*** RECORDS FOR THE EXERCISE Section Begins ***
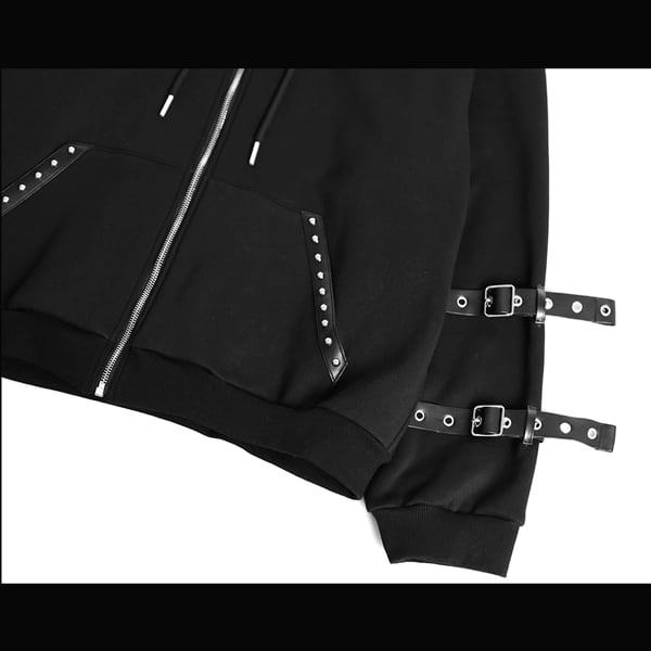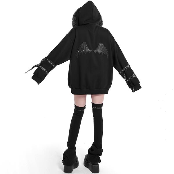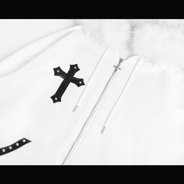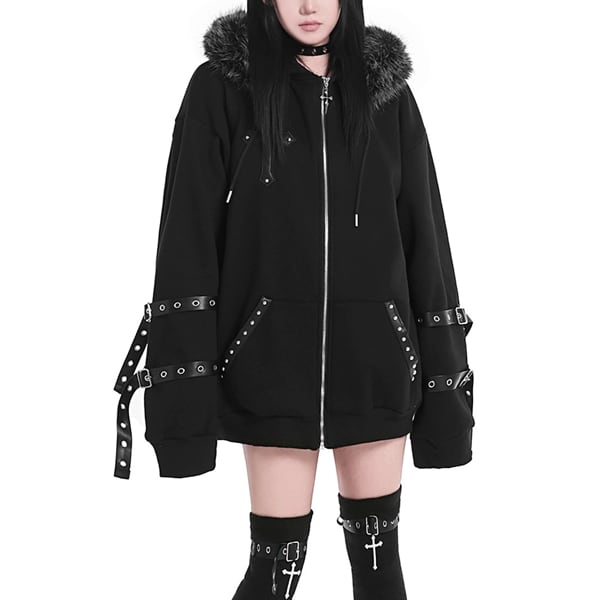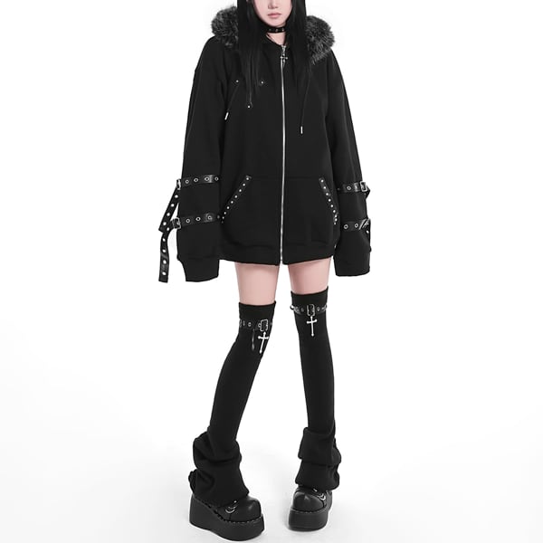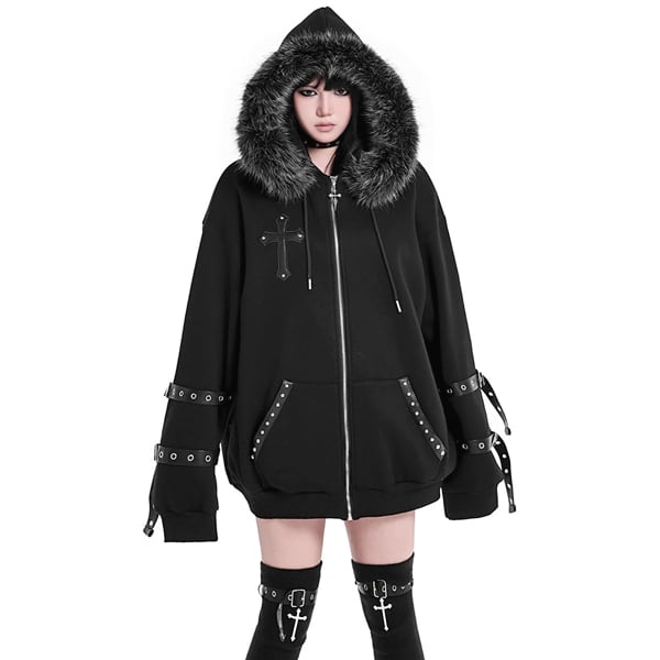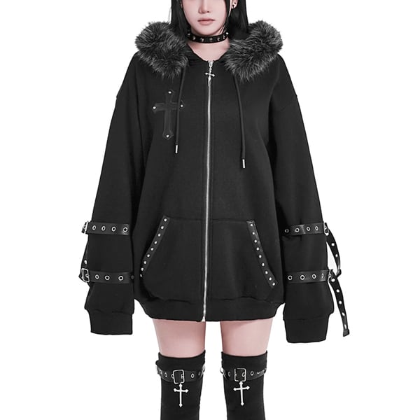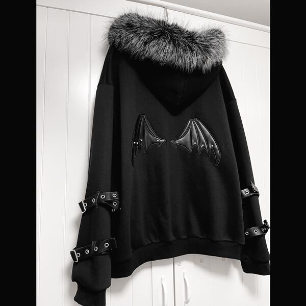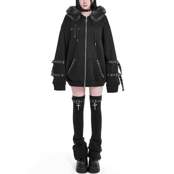 クロスウィングファーフード裏起毛ブラックジップフーディ(ruf_02725)
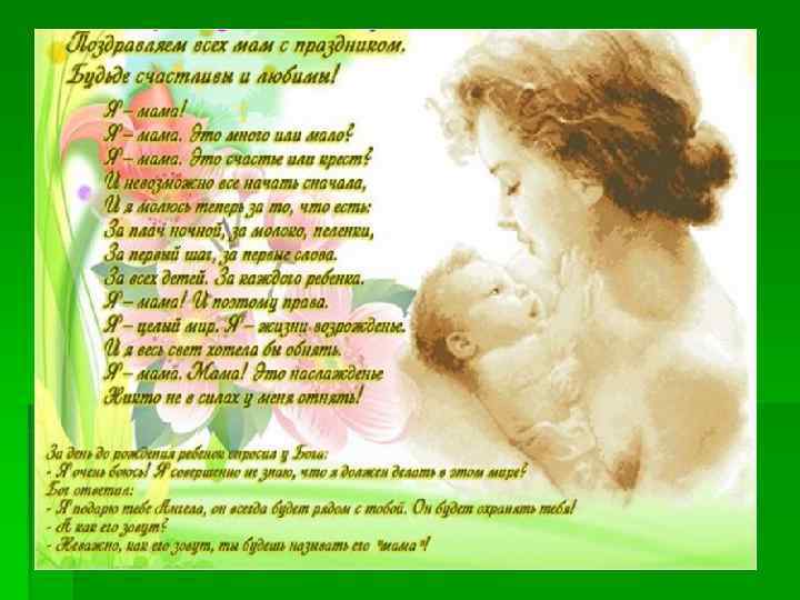 Прялухина Надежда Ивановна Обойди весь мир вокруг, только знай заранее Не найдешь теплее рук И нежнее маминых, Не найдешь на свете глаз Ласковей и строже, Мама каждому из нас Всех людей дороже. Сто путей, дорог вокруг Обойди по свету: Мама – самый лучший друг Лучше мамы нету!
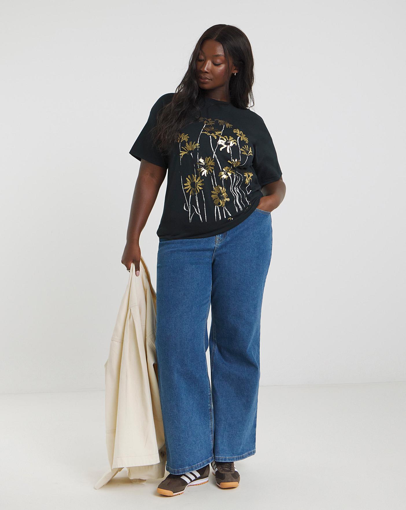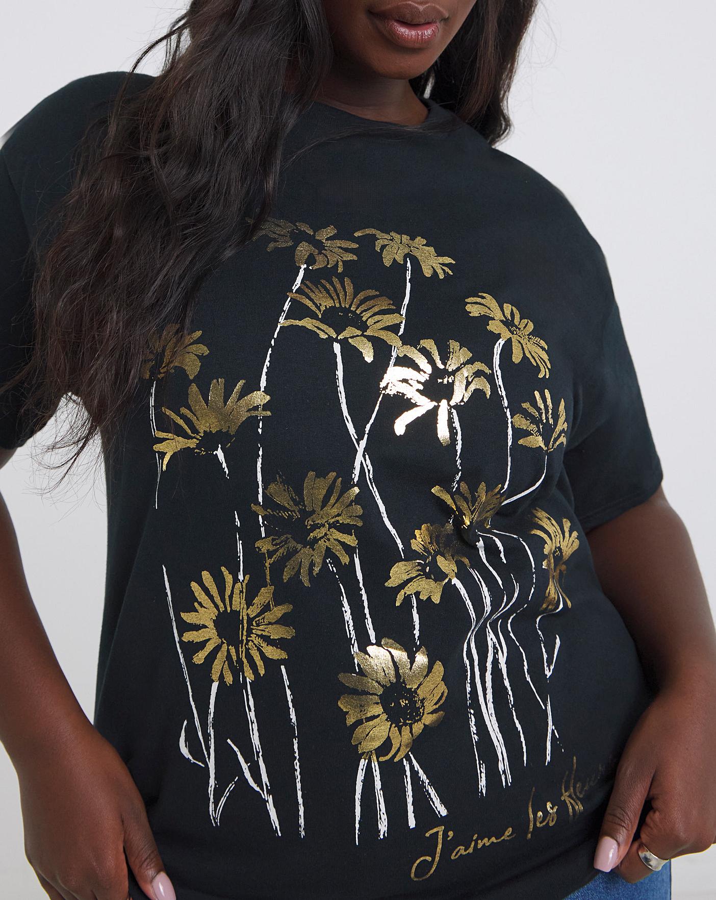 Elevate your graphic t-shirt collection with our elegant floral foil print t-shirt. Featuring gold foil print, floral graphic, black base colour, soft and comfortable cotton fabric, oversized fit, crew neckline, and short sleeves. Pair with jeans for an effortless everyday look!
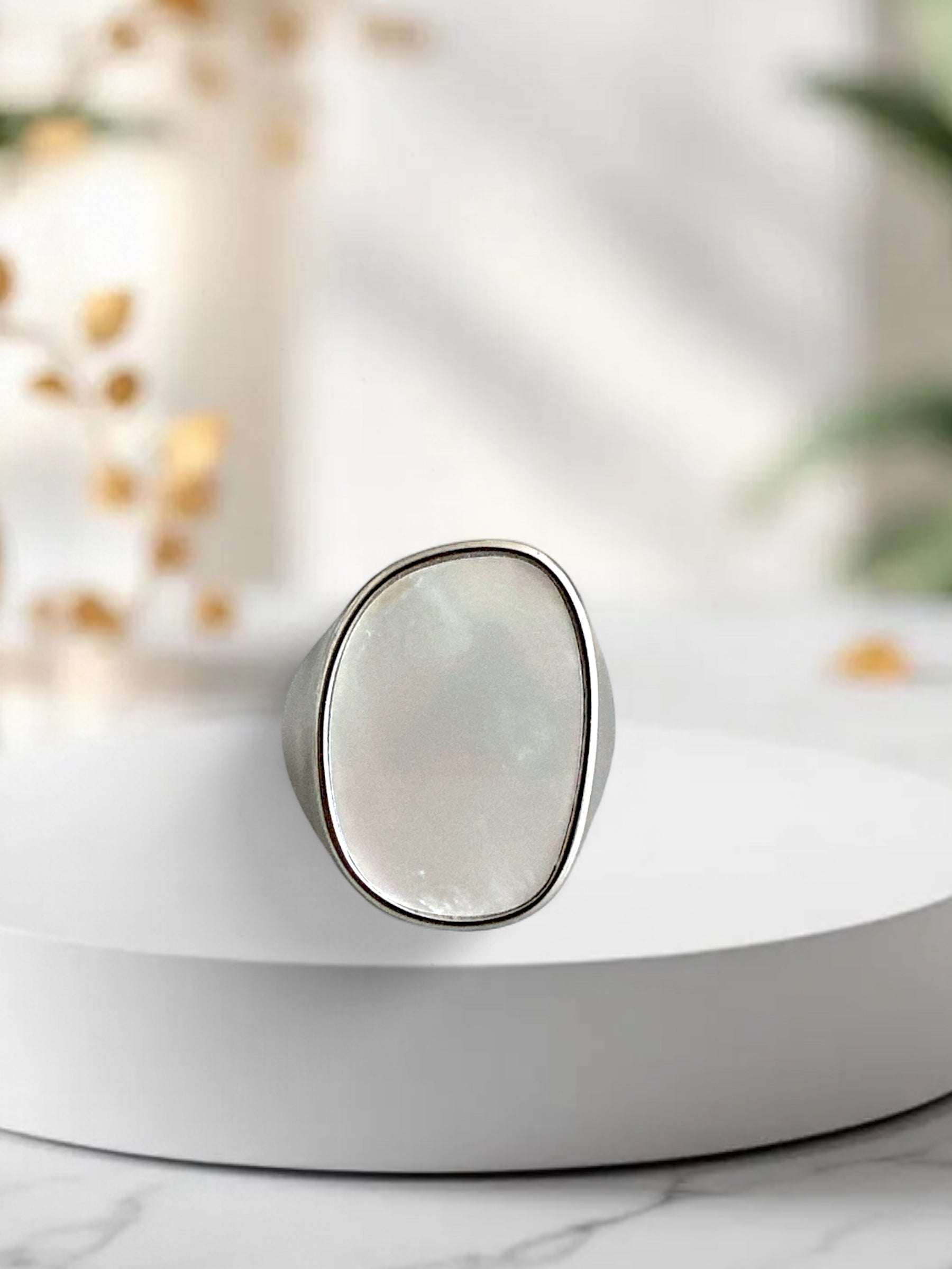 Το Shell Glow είναι το δαχτυλίδι που μαγνητίζει τα βλέμματα με την ήσυχη λάμψη του! Η mother of pearl όψη του χαρίζει κομψότητα και girly λάμψη, ενώ η bold μεταλλική του βάση το μετατρέπει στο απόλυτο fashion statement. Διατίθεται σε ασημί και χρυσό – για να βρεις αυτό που ταιριάζει απόλυτα στο mood σου.
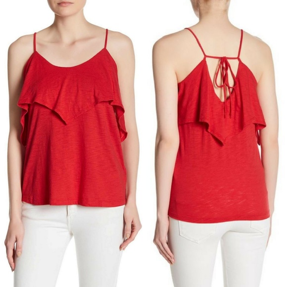 NEW HARLOWE & GRAHAM RED Ruffled Cami Top Popover Strappy Size Medium NWT
*** RECORDS FOR THE EXERCISE Section Ends ***
# ABOUT THIS EXERCISE:
Leave out all images, then reproduce the entries above exactly.

# SOLUTION:
 クロスウィングファーフード裏起毛ブラックジップフーディ(ruf_02725)
 Прялухина Надежда Ивановна Обойди весь мир вокруг, только знай заранее Не найдешь теплее рук И нежнее маминых, Не найдешь на свете глаз Ласковей и строже, Мама каждому из нас Всех людей дороже. Сто путей, дорог вокруг Обойди по свету: Мама – самый лучший друг Лучше мамы нету!
 Elevate your graphic t-shirt collection with our elegant floral foil print t-shirt. Featuring gold foil print, floral graphic, black base colour, soft and comfortable cotton fabric, oversized fit, crew neckline, and short sleeves. Pair with jeans for an effortless everyday look!
 Το Shell Glow είναι το δαχτυλίδι που μαγνητίζει τα βλέμματα με την ήσυχη λάμψη του! Η mother of pearl όψη του χαρίζει κομψότητα και girly λάμψη, ενώ η bold μεταλλική του βάση το μετατρέπει στο απόλυτο fashion statement. Διατίθεται σε ασημί και χρυσό – για να βρεις αυτό που ταιριάζει απόλυτα στο mood σου.
 NEW HARLOWE & GRAHAM RED Ruffled Cami Top Popover Strappy Size Medium NWT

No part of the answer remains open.